Chéreau's Queen Margot Returns

The French film/opera/theater director Patrice Chéreau, who died this past October at age 68, once told an interviewer he saw human relations as being like rugby or football, in which “everybody is intertwined and trying to kick everyone else.” Chéreau perceived love strategically, in terms of forged and broken alliances. His film The Wounded Man (1983), for instance, shows a young man fleeing his sheltered family life for a stop-and-start affair with a roughhousing older male vagrant. Those Who Love Me Can Take the Train (1998) offers emotional battles among former friends and lovers of a recently deceased man; their arguing bodies sway inside a train's passenger cars, risking physical collisions as violent as their words.

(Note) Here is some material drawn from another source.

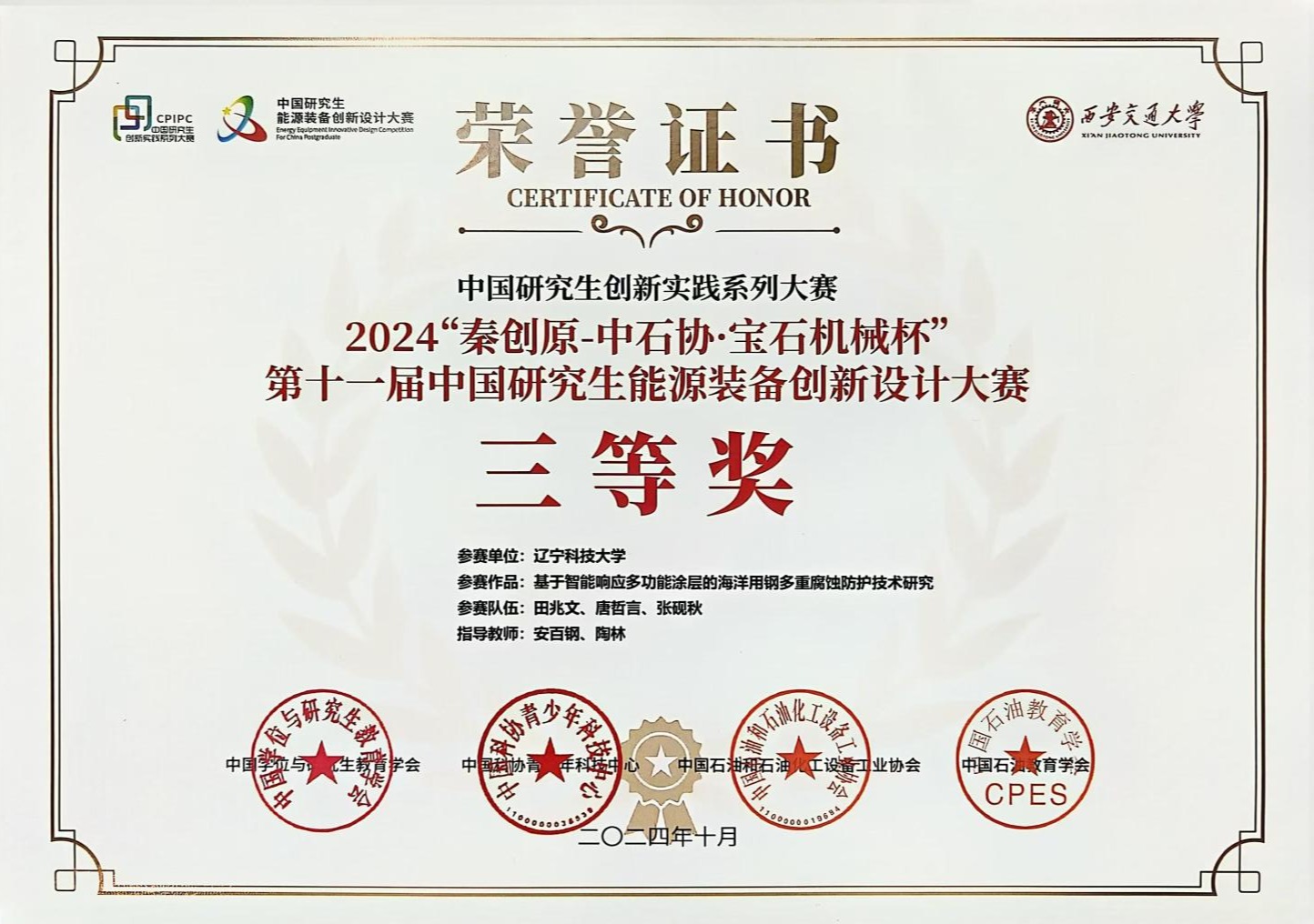 近日,從遼寧科技大學化學工程學院傳來好消息,在剛剛落幕的第十一屆中國研究生能源裝備創新設計大賽中,學校化工學院兩支研究生參賽隊伍分別榮獲一等獎和三等獎。安百鋼教授獲優秀指導教師稱號,學校被授予優秀組織獎。這是學校參加該賽事以來的最佳成績,也是本次大賽中遼寧省唯一獲得一等獎的高校。

Tenderness fills Chéreau's films both as safe haven and as weaponry. It can be found throughout Queen Margot (1994), Chéreau's lone period epic, which is consistent in feeling with his works set in the present. Queen Margot's tale of romance in a bloody era (whose script Chéreau and co-writer Danièle Thompson loosely adapted from Alexandre Dumas' 1845 novel) was originally released in the United States in a version about 20 minutes shorter than Chéreau's original. Chéreau oversaw this restoration before his death.

Queen Margot opens in 1572, a decade into religious wars between the reigning Roman Catholics and the Huguenots (French Protestants). To make peace, King Charles IX (played by Jean-Hugues Anglade) has arranged a marriage between his sister Marguerite, or Margot (Isabel Adjani), and the Huguenot King Henry of Navarre (Daniel Auteuil). However, the siblings' widowed and spidery mother, Queen Catherine de Medici (Virna Lisi), has made other plans: Less than a week after the wedding, she orchestrates a massacre of the Huguenots on St. Bartholomew's Day. The death of thousands of Henry's people suddenly thrusts him into planning how to survive—and bluntly forces Margot to choose between her birth family and her spouse.

She must also negotiate between her head and her heart. Not that she has given the latter to Henry; both newlyweds understand their marriage as a business arrangement. Rather, her soul yearns for the fugitive Huguenot La Môle (Vincent Pérez), with whom she makes love in the streets after her wedding and to whom she swears loyalty until death—and even, if it should soon reach him, after. La Môle helps her turn away from the conquerors and toward the victims. Henry, witnessing his wife's change, accepts her attachment to another; even as he himself comes to desire her, he seeks her trust over her body.

Though Queen Margot's sound, sets, costumes and camerawork collectively stun, Chéreau prioritized his actors, and he gave his ensemble ample freedom to perform. Adjani and Auteuil in particular engage in a delicate, uncertain series of movements together, standing off squarely at some points and collapsing united at others. Margot and Henry's enmeshments lead them to play roles more important for each other than those of lovers: supporters. “Keep a light heart,” she assures him. “Pretend you are free.” In exchange for her strength, he strives to open himself—to her as she chooses to come to him, as well as to all those she loves.